A comparative study on the employment of heat treatment, electric pulse processing and friction stir processing to enhance mechanical properties of cold-spray-additive-manufactured copper

Abstract The relatively weak interfacial bond and brittleness of cold sprayed deposits limit their industrial applications for the fabrication of complex structural components. In this study, pure copper, as a typical material for cold spray additive manufacturing (CSAM), was deposited and then post-processed with conventional heat treatment (HT) and newly developed electric pulse processing (EPP) and friction stir processing (FSP), in order to improve the microstructure and mechanical properties of the deposits.
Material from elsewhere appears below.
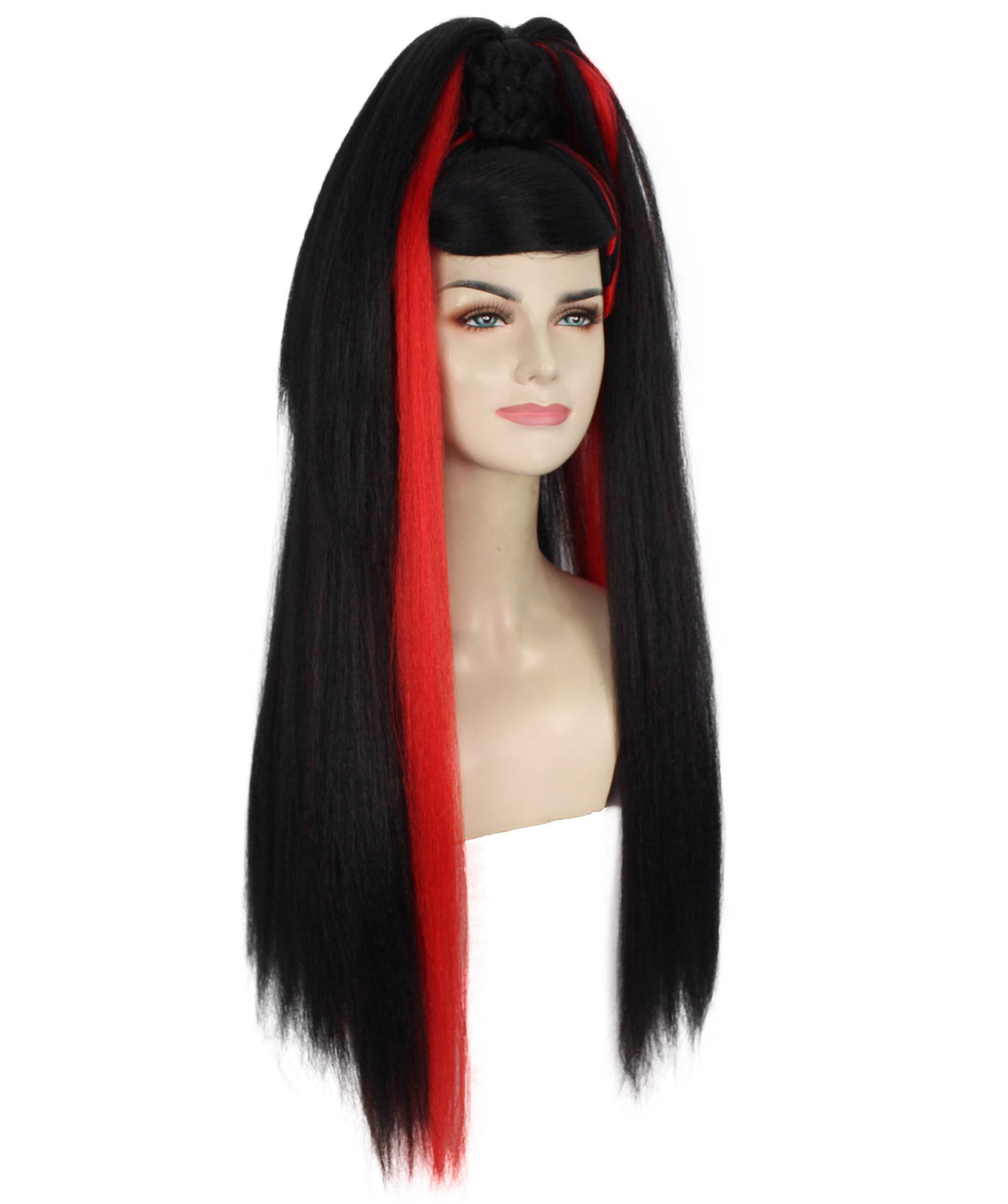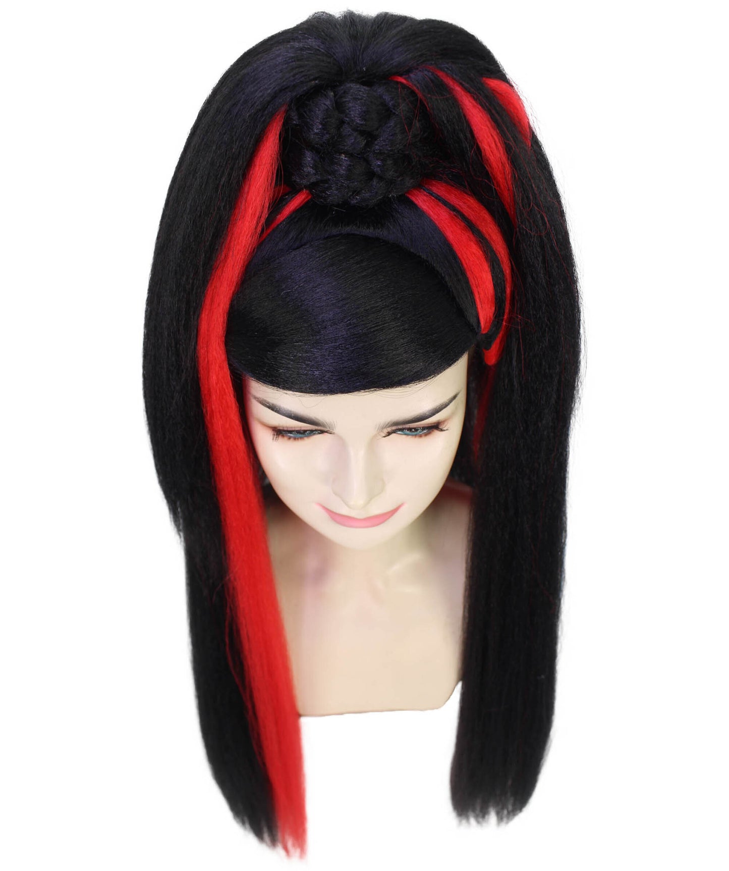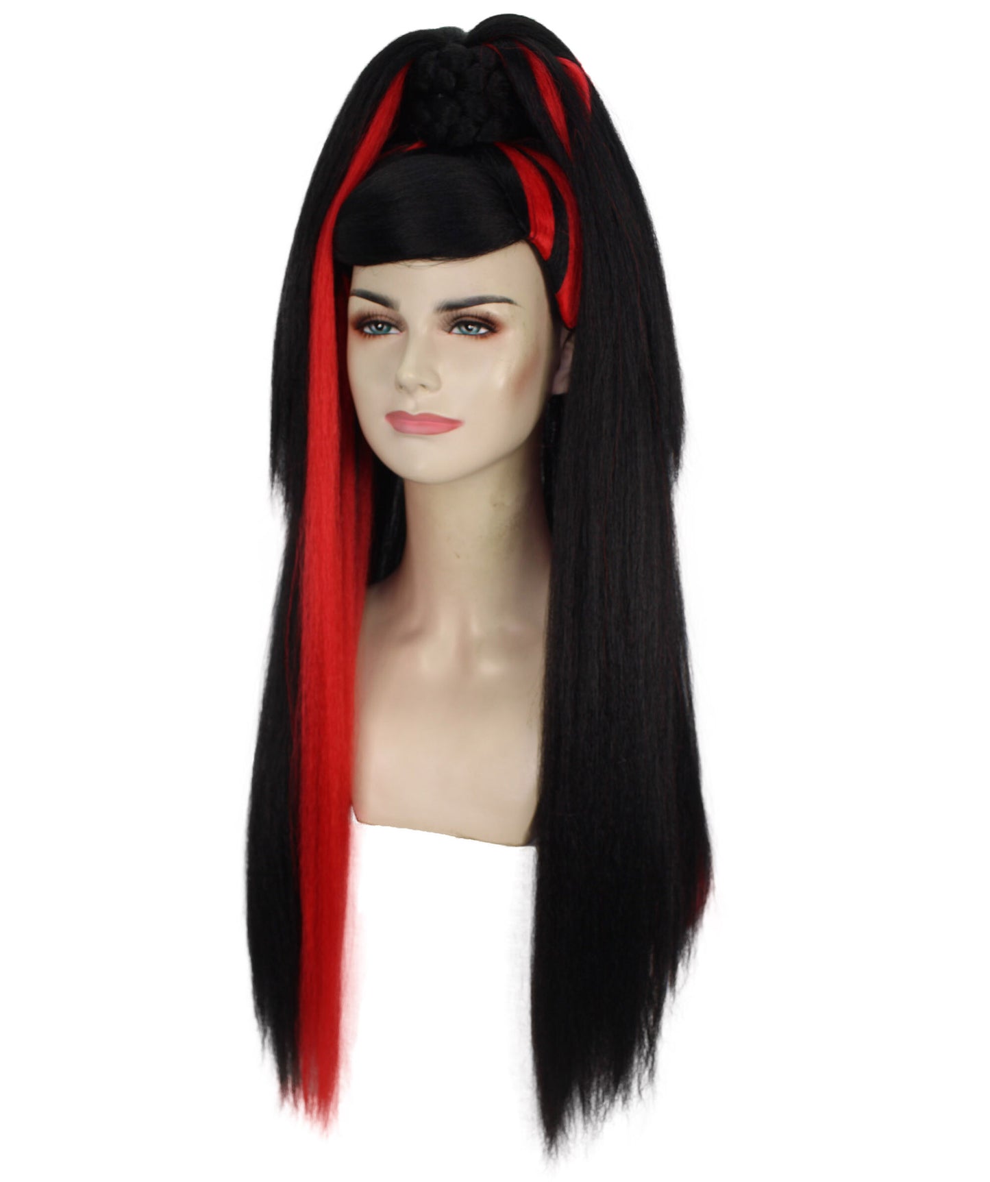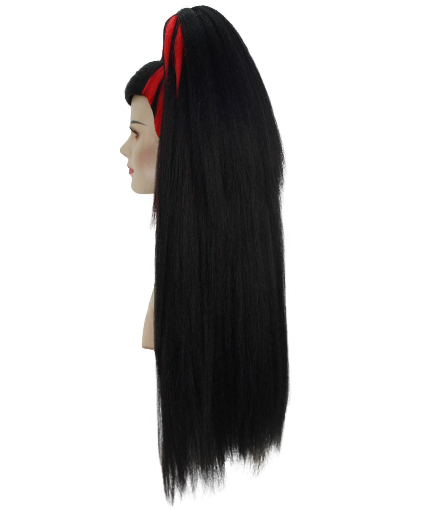 Hey there, costume Rockstar! Need an extra punch for your Halloween or look? Our Ponytail Drag Queen Wig in Red and Black color is the secret weapon you’ve been hunting for!

The results show that EPP, FSP, and HT can heal the weak interfaces between deposited particles, with EPP and FSP being considerably better than HT. Recrystallized fine grains and elongated grains at the interfacial regions transformed into coarser grains after EPP and HT. FSP refinement affects the grains of the whole deposit and completely rearranges the topology of the deposited particles. Mechanical tests reveal that an ultimate tensile strength of 310 MPa and elongation of 40% were reached after FSP, while the ultimate tensile strength of 209 MPa and elongation of 19% were reached with EPP. The main strengthening mechanisms of the EPP deposit are the improved bonding at the interfaces and the high angle grain boundaries and twins. For the FSP deposit, the improved interface bonding, the superfine grains along with the strain hardening effect are the main strengthening mechanisms.